Note: Generating mirror copies of volumes can take a considerable time to complete.

In the first listed form of this command, the disk media name is supplied on the command line to vxmirror. That name is assumed to be the only disk from which volumes are mirrored. In the case of mirroring volumes from a specified disk, only simple single-subdisk volumes are mirrored.

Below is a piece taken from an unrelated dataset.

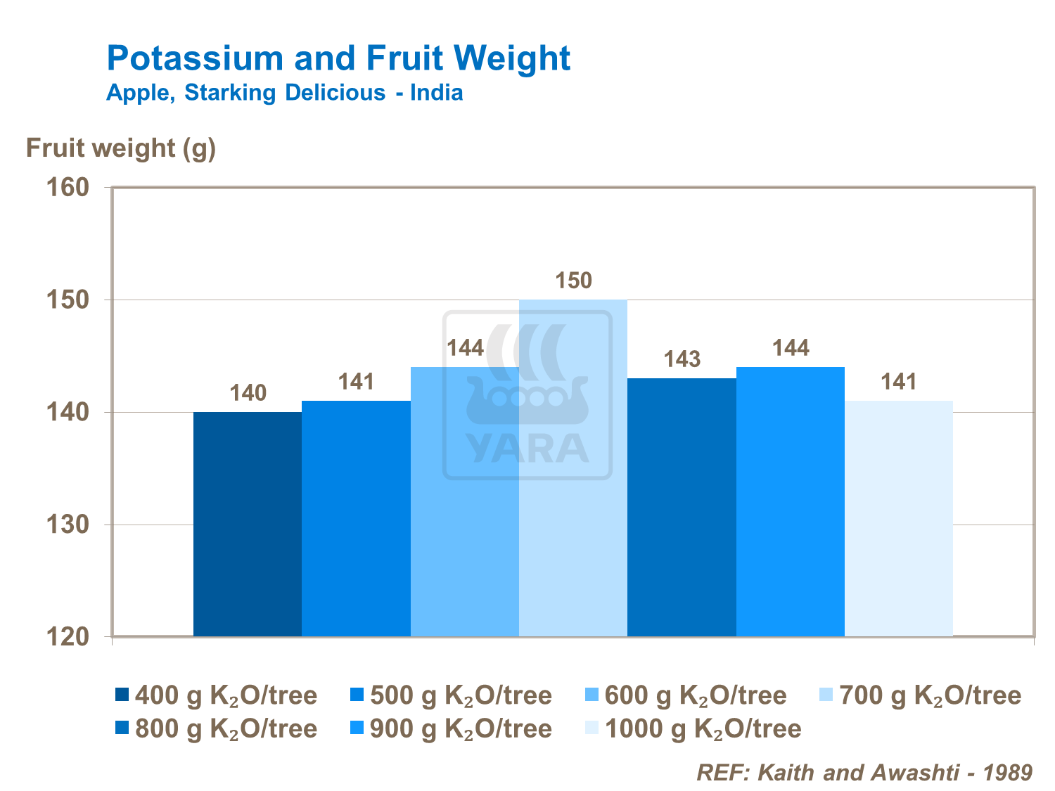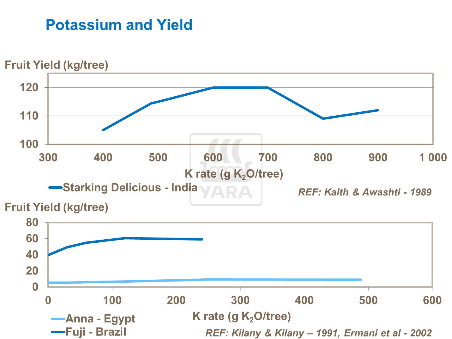 Laddove le disponibilità non sono adeguate, sono stati ottenuti risultati in termini di rese con dosi fino a 600-700 g/K/albero nei frutteti a bassa densità. Parte di tale incremento è collegato a un aumento del peso dei frutti. Tuttavia, le somministrazioni devono essere regolate in base ai livelli di Potassio nel suolo: dove sono alti, le dosi elevate di fertilizzanti K possono ridurre la resa, principalmente a causa dell'assorbimento ridotto di altri cationi (Mg e Ca).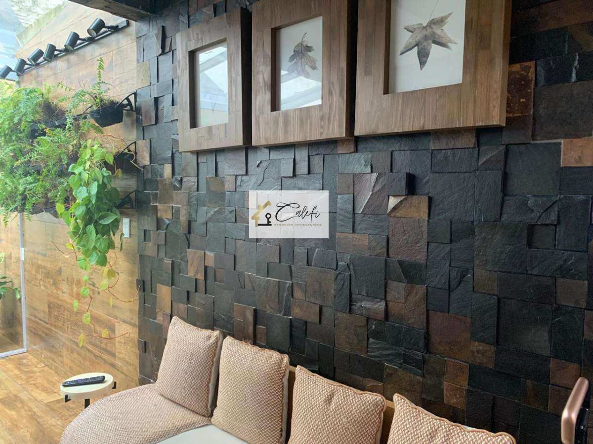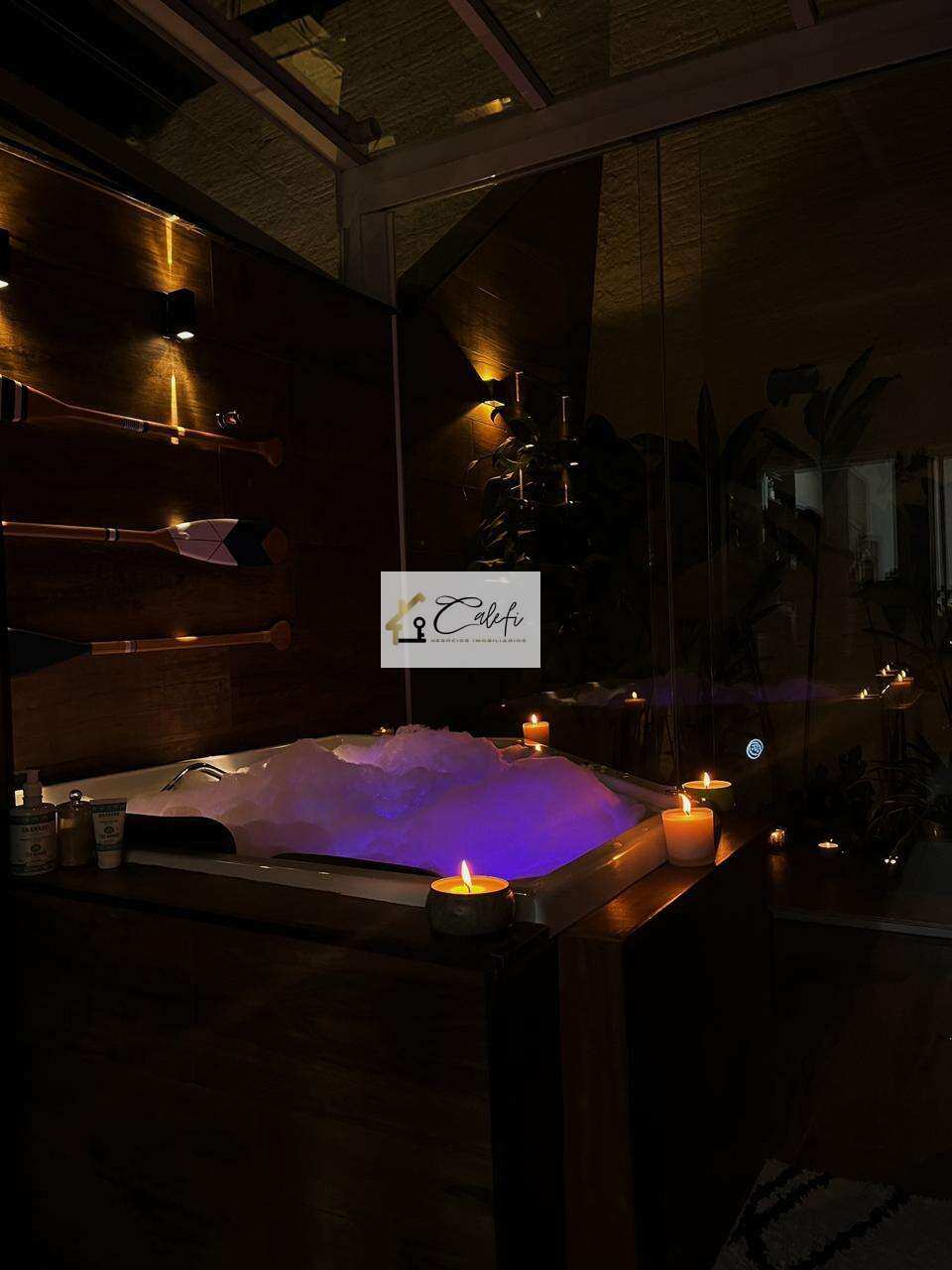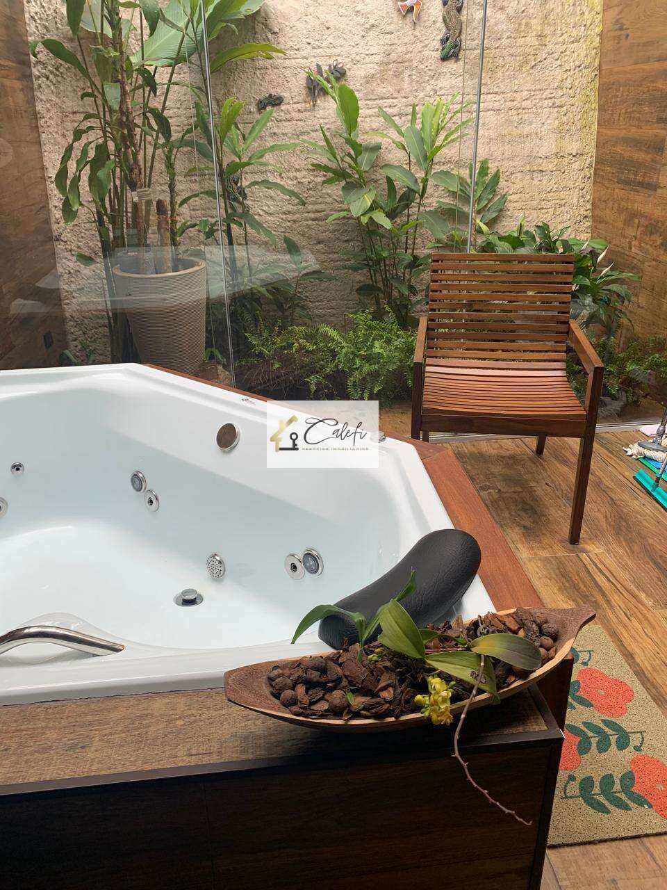 Lareira aconchegante para noites especiais e momentos de tranquilidade; Decoração sofisticada: paredes revestidas com pedras naturais, porcelanato de primeira linha e armários embutidos; Jardim tropical que traz frescor, beleza e natureza;

In the first and second listed forms of the command, new_medianame... identifies a new disk media name (or set of names). The mirroring operation uses these names as targets on which to allocate the mirrors. An error results if the same disk is specified for both the source and target disk and if no other viable targets are supplied.

OPTIONS

-a

Mirrors all existing volumes for the specified disk group.

-d yes | no

Changes the default for subsequent volume creation, depending on the option argument. If yes, then all subsequent volumes created automatically become mirrored volumes. If no, then mirroring is turned off for future volumes created.

-D

Displays current default status for mirroring.

-g diskgroup

Limits operation of the command to the given disk group, as specified by disk group ID or disk group name. The medianame operands are evaluated relative to the given disk group. If no disk group is supplied, then rootdg is assumed.

-t tasktag

Specifies using a tasktag as the tag for any tasks created to perform the mirror operations.

EXAMPLES

The following command mirrors the disk disk01 to any available space on any available disk. Subsequent calls to vxassist mirror created volumes by default.

/etc/vx/bin/vxmirror -d yes disk01

This command displays the current status of default mirroring. It outputs the string yes if mirroring is currently enabled, or no if mirroring is not enabled.

/etc/vx/bin/vxmirror -D

This command mirrors any volumes on disk02 to disk03.

/etc/vx/bin/vxmirror disk02 disk03

FILES

/etc/default/vxassist

The defaults file for vxassist parameters.